_Exercise aim_. From the first line to the last, return the data exactly, with no pictures.

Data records

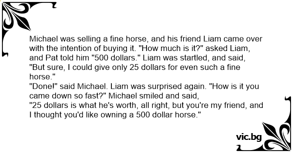 Michael was selling a fine horse, and his friend Liam came over with the intention of buying it. "How much is it?" asked Liam, and Pat told him "500 dollars." Liam was startled, and said,
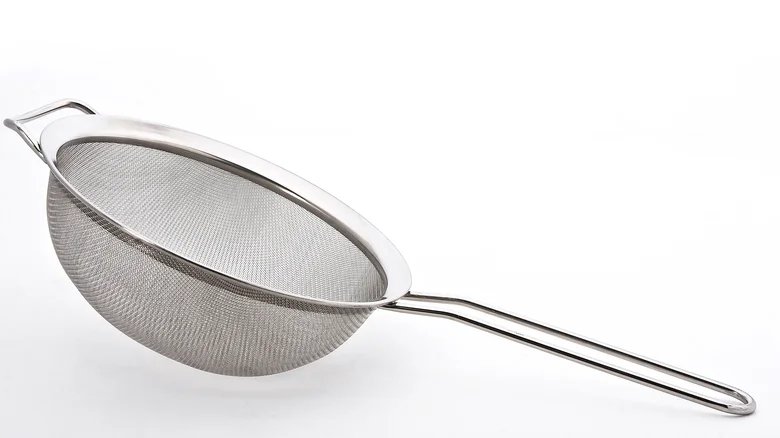Усе дуже просто. Треба викласти зварені жовтки в сито й провести по них опуклим боком ложки, протискаючи їх у миску.
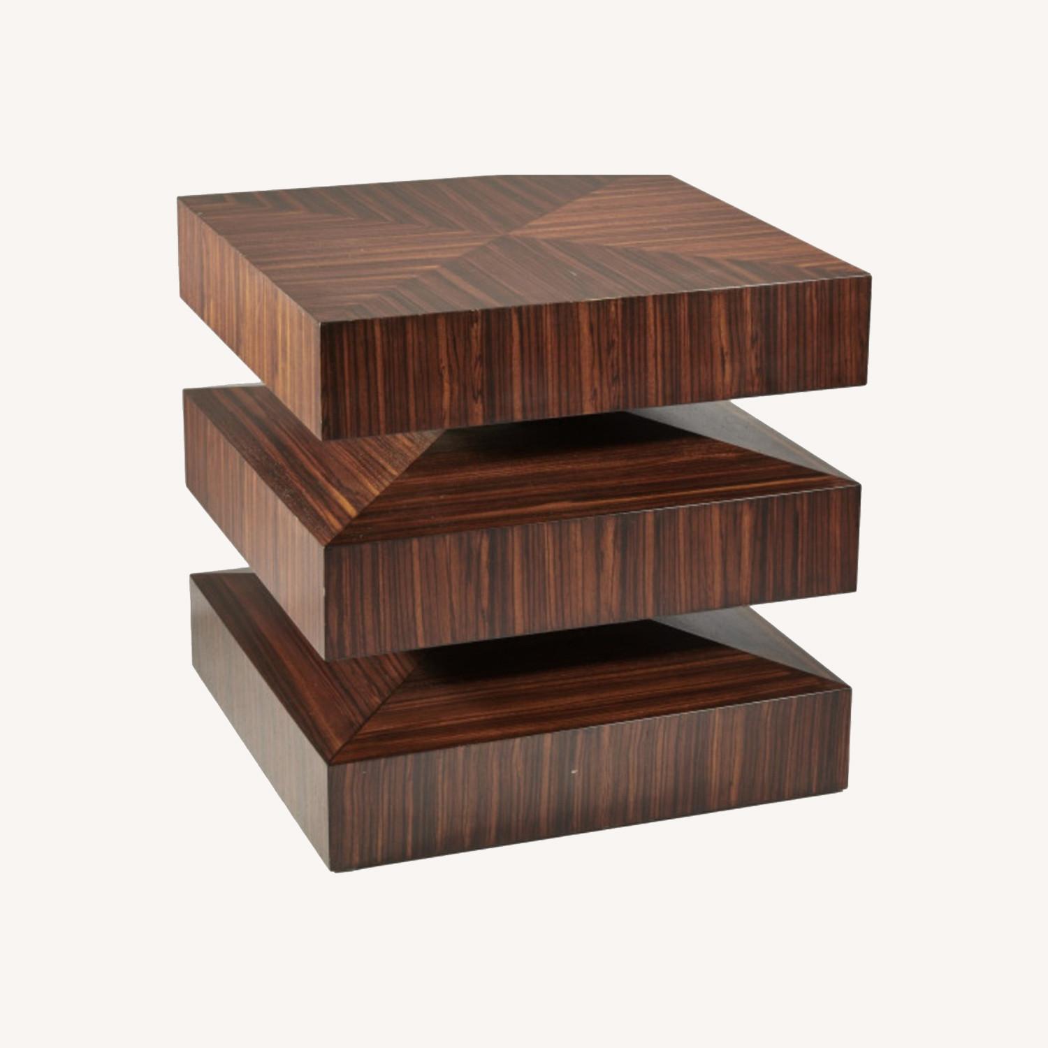 Seller's Notes:Sleek, perfectly polished, will include 2 custom glass tops. The clean lines and beautifully hand-rubbed finish on zebra wood veneer of Global Views' In and Out End Table make this set unique. The size and scale of the item offers amazing flexibility, making it a stunning addition to any room in your home!
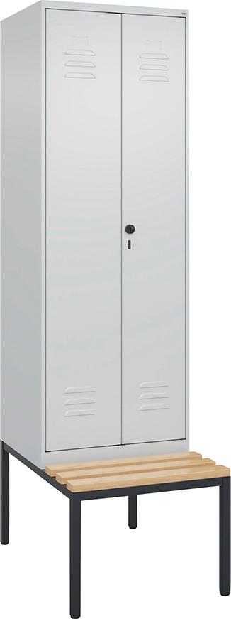 Garderobenschrank Classic PLUS mit untergebauter Sitzbank, Holzleisten
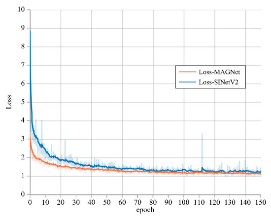 In this experiment, the experimental platform system used was Windows 10, the GPU of the platform was an NVIDIA Quadro GV100, and the video memory was 32 GB. The CPU was an Intel Xeon Silver 4210. The experiment used the PyTorch deep learning development framework, and the computing platform was CUDA11.0. We used the Adam optimizer for network optimization during training, the image input size was set to 352 × 352, and the learning rate was set to 0.0001.
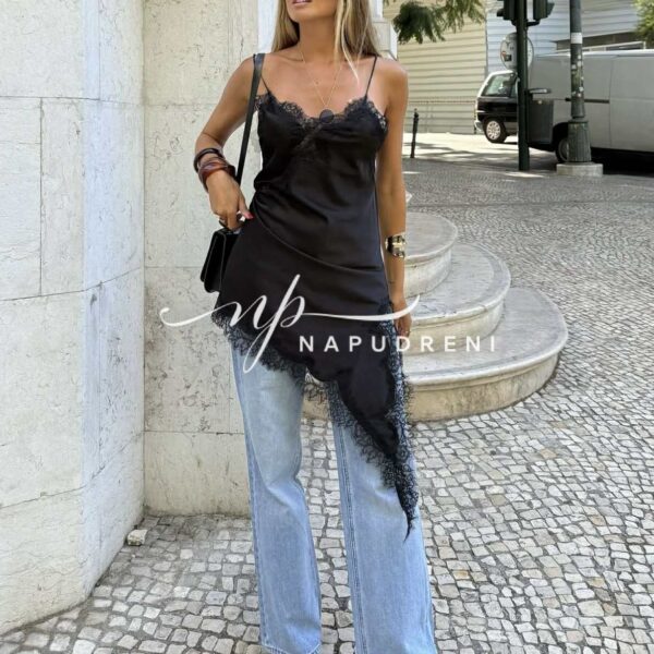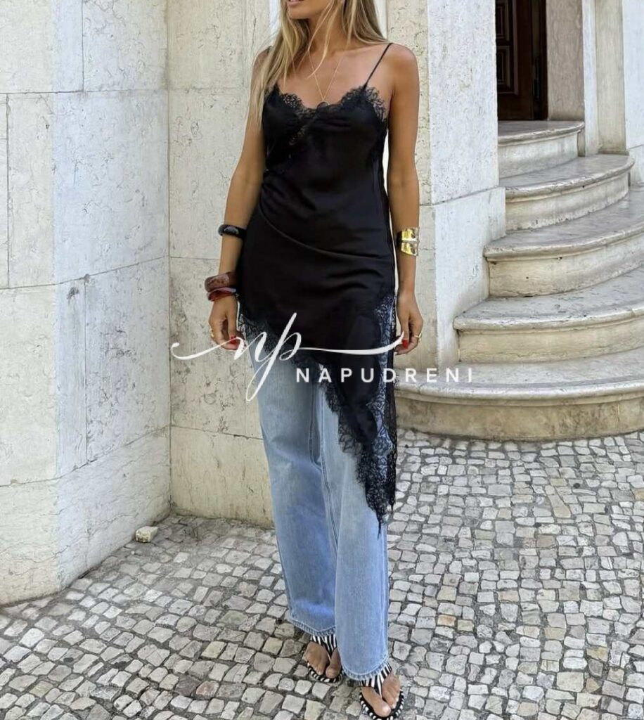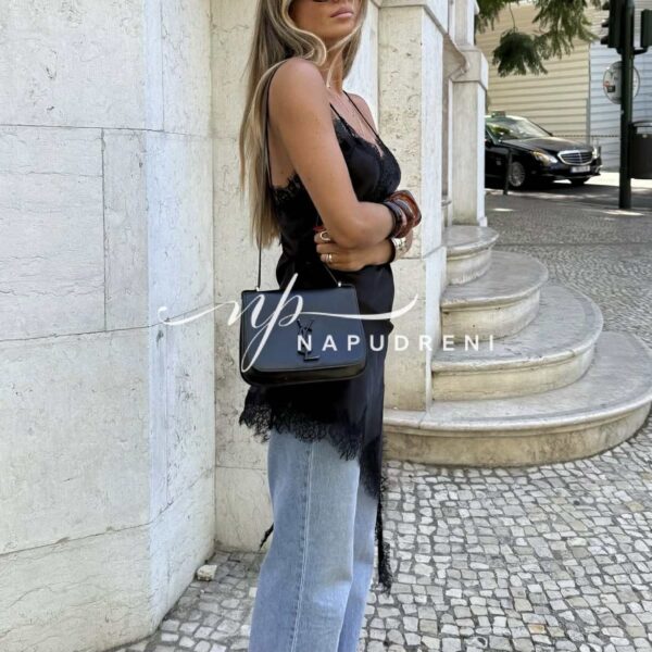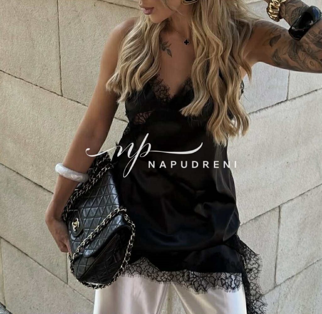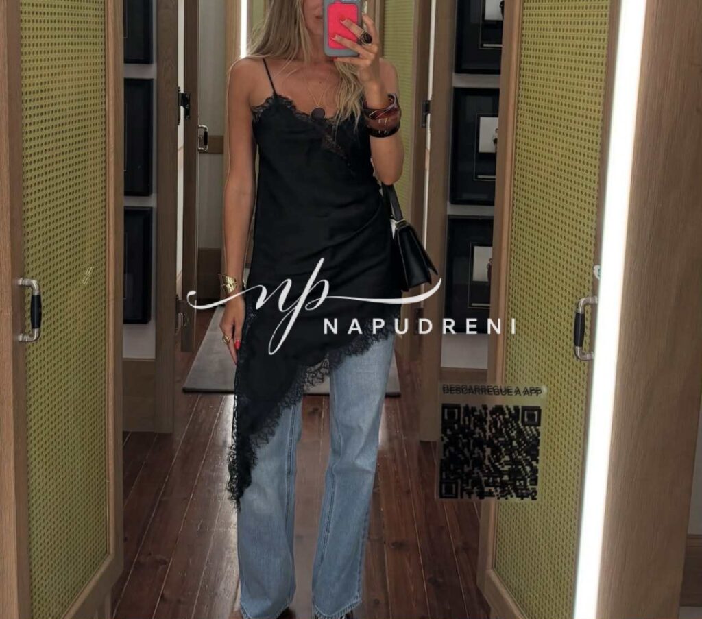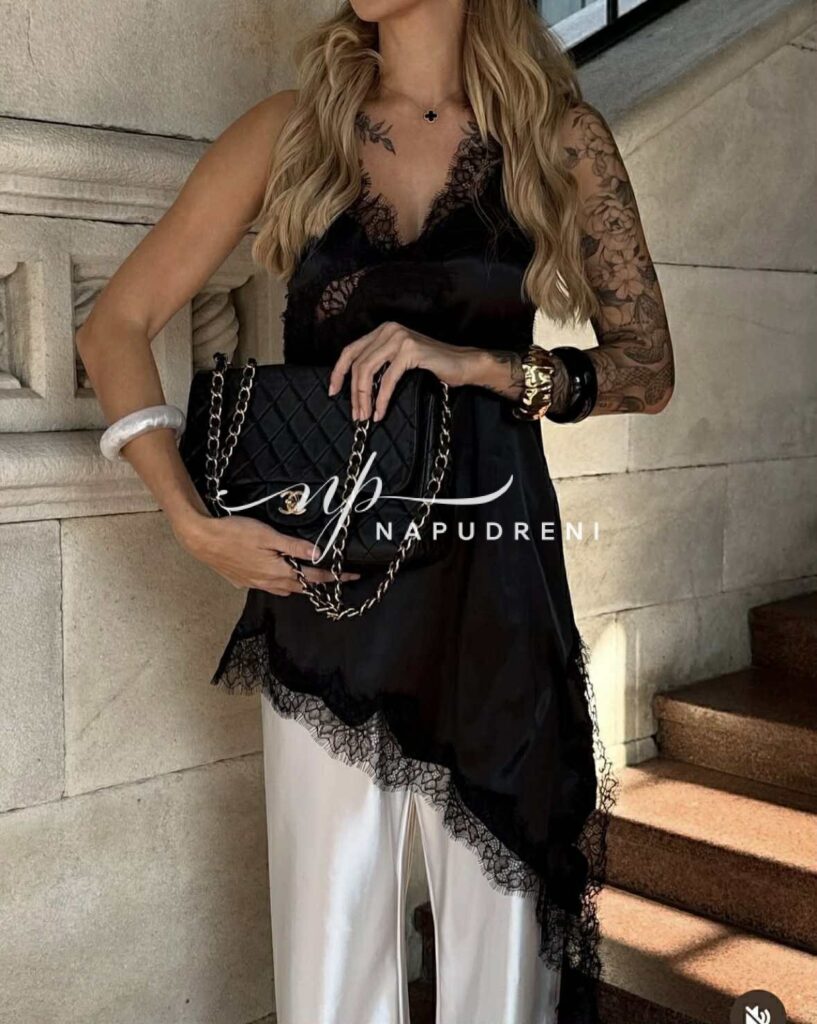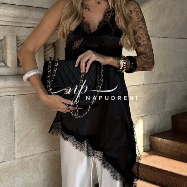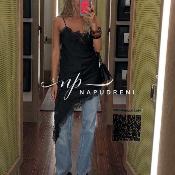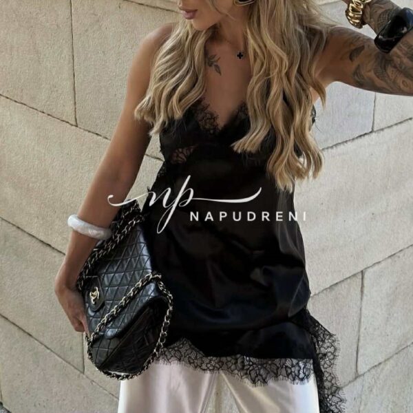 Сатенена туника-рокля с дантела в черен цвят – код Bi9918
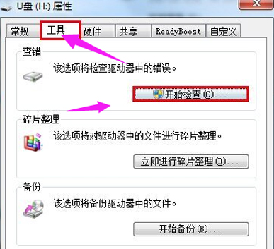 1、進(jìn)入U(xiǎn)盤屬性,檢查修復(fù)磁盤;
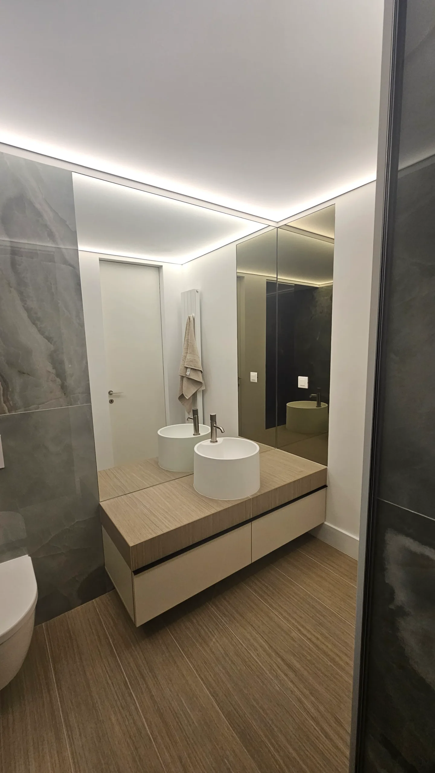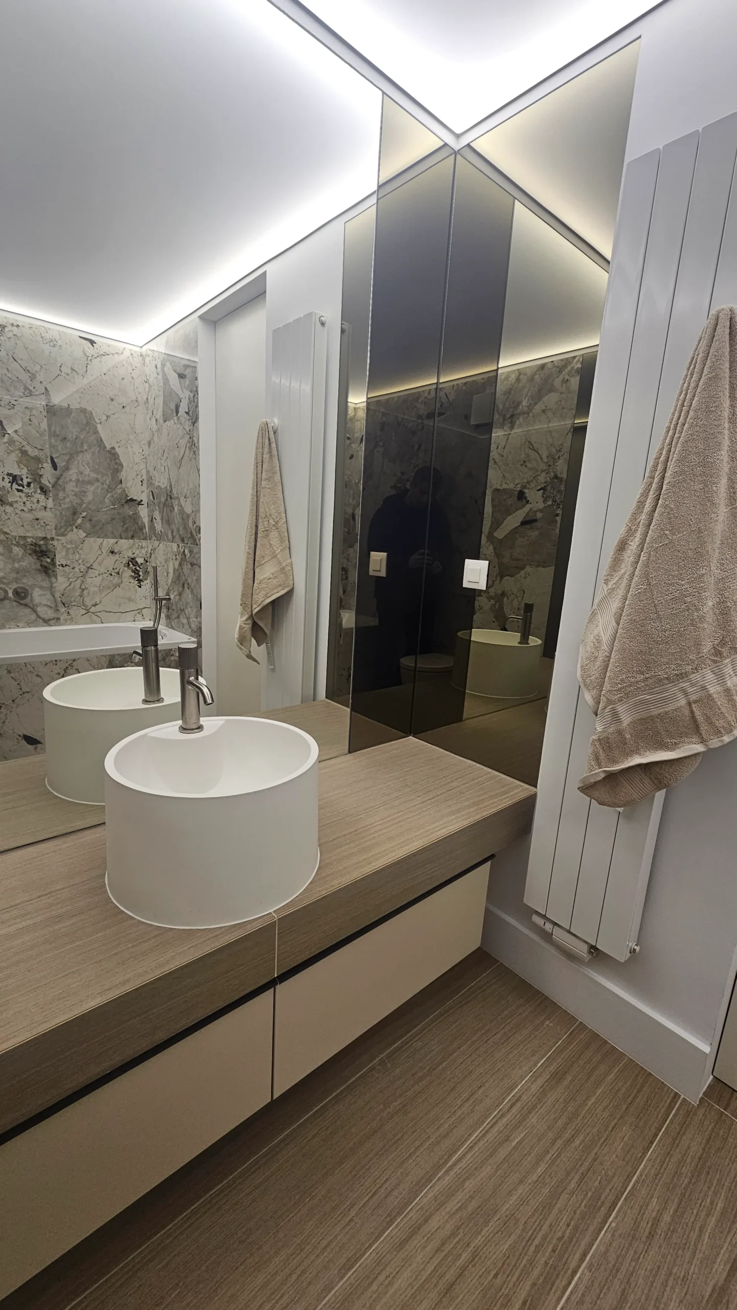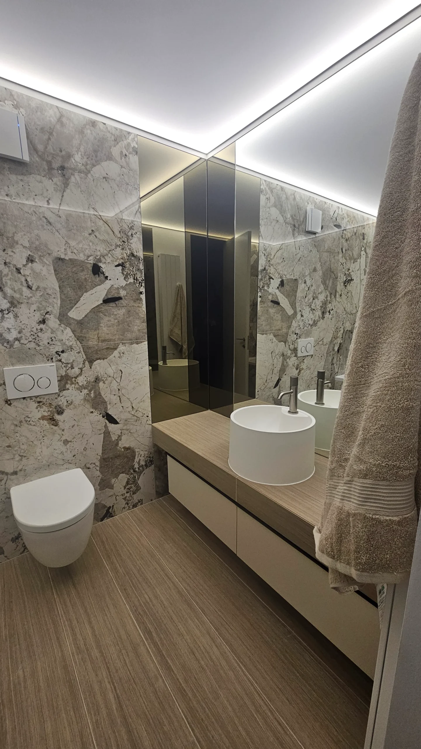 Baia principală este finisată cu plăci ceramice mari în nuanțe de gri-verde, cu aspect de onix, care creează un efect vizual spectaculos. Lavoarul cilindric este așezat pe un blat tip lemn deschis, încorporat într-un mobilier suspendat cu fronturi crem. Oglinda este placată pe întreg peretele, cu iluminare LED pe conturul tavanului, oferind lumină difuză și rafinament.
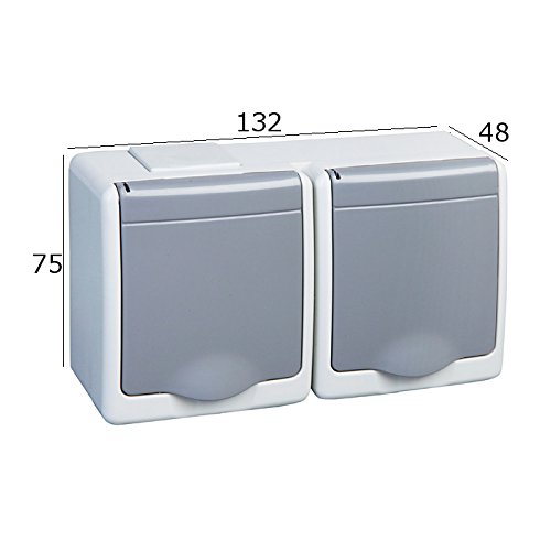 2-Fach Aufputzsteckdose IP44 16A/250V Schuko Aufputz Feuchtraum Steckdose GR
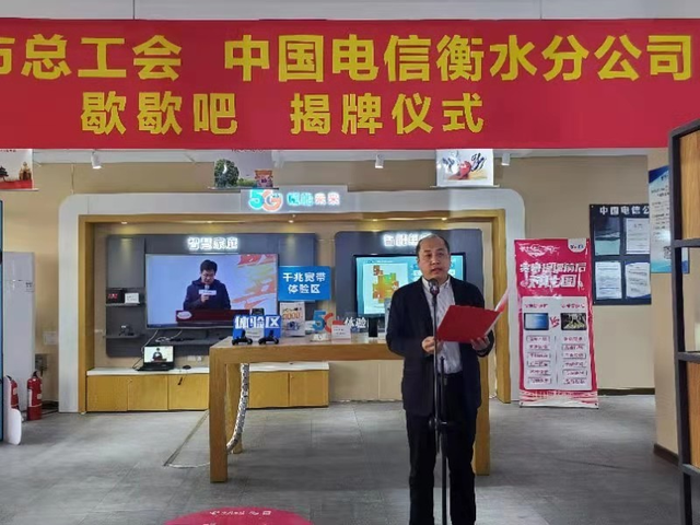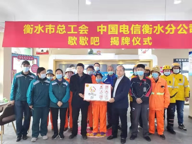 11月12日上午,衡水市总工会与中国电信衡水分公司联合举行衡水市电信公司歇歇吧揭牌仪式,这标志着衡水电信全市31个自由营业厅的“歇歇吧”开始向向环卫工人、快递小哥和外卖小哥等基层户外劳动者开放,提供热水、手机充电、卫生间、歇脚和热饭等服务。
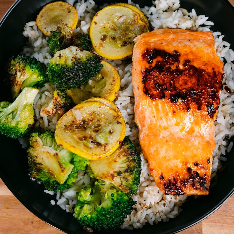 6oz Salmon with sweet chili sauce or lemon pepper served with rice and mixed vegetables.
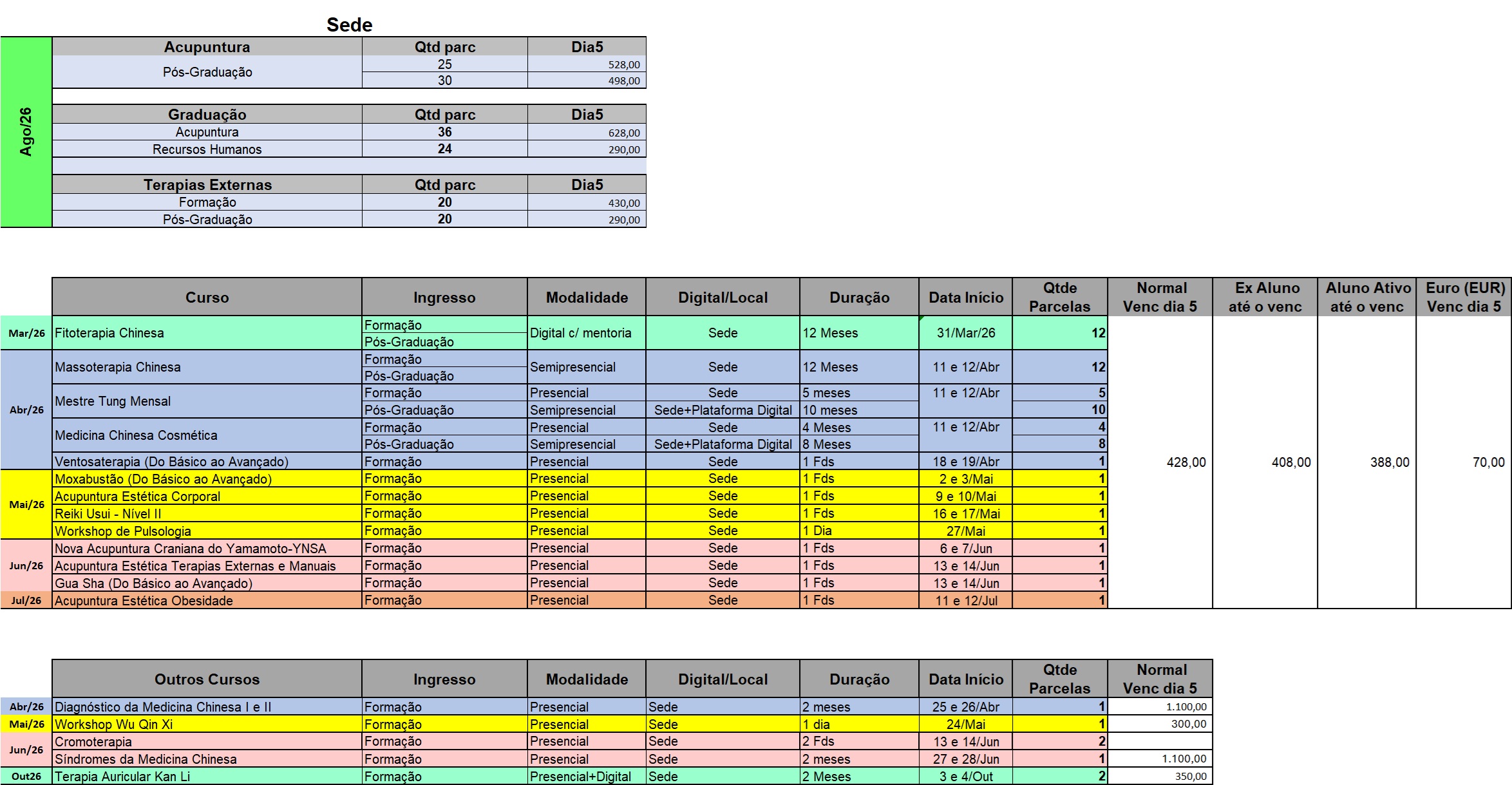 - Pós-graduação Lato Sensu em Medicina Chinesa em Reprodução e Infertilidade

_Answer space_.
 Michael was selling a fine horse, and his friend Liam came over with the intention of buying it. "How much is it?" asked Liam, and Pat told him "500 dollars." Liam was startled, and said,
Усе дуже просто. Треба викласти зварені жовтки в сито й провести по них опуклим боком ложки, протискаючи їх у миску.
 Seller's Notes:Sleek, perfectly polished, will include 2 custom glass tops. The clean lines and beautifully hand-rubbed finish on zebra wood veneer of Global Views' In and Out End Table make this set unique. The size and scale of the item offers amazing flexibility, making it a stunning addition to any room in your home!
 Garderobenschrank Classic PLUS mit untergebauter Sitzbank, Holzleisten
 In this experiment, the experimental platform system used was Windows 10, the GPU of the platform was an NVIDIA Quadro GV100, and the video memory was 32 GB. The CPU was an Intel Xeon Silver 4210. The experiment used the PyTorch deep learning development framework, and the computing platform was CUDA11.0. We used the Adam optimizer for network optimization during training, the image input size was set to 352 × 352, and the learning rate was set to 0.0001.
 Сатенена туника-рокля с дантела в черен цвят – код Bi9918
 1、進(jìn)入U(xiǎn)盤屬性,檢查修復(fù)磁盤;
 Baia principală este finisată cu plăci ceramice mari în nuanțe de gri-verde, cu aspect de onix, care creează un efect vizual spectaculos. Lavoarul cilindric este așezat pe un blat tip lemn deschis, încorporat într-un mobilier suspendat cu fronturi crem. Oglinda este placată pe întreg peretele, cu iluminare LED pe conturul tavanului, oferind lumină difuză și rafinament.
 2-Fach Aufputzsteckdose IP44 16A/250V Schuko Aufputz Feuchtraum Steckdose GR
 11月12日上午,衡水市总工会与中国电信衡水分公司联合举行衡水市电信公司歇歇吧揭牌仪式,这标志着衡水电信全市31个自由营业厅的“歇歇吧”开始向向环卫工人、快递小哥和外卖小哥等基层户外劳动者开放,提供热水、手机充电、卫生间、歇脚和热饭等服务。
 6oz Salmon with sweet chili sauce or lemon pepper served with rice and mixed vegetables.
 - Pós-graduação Lato Sensu em Medicina Chinesa em Reprodução e Infertilidade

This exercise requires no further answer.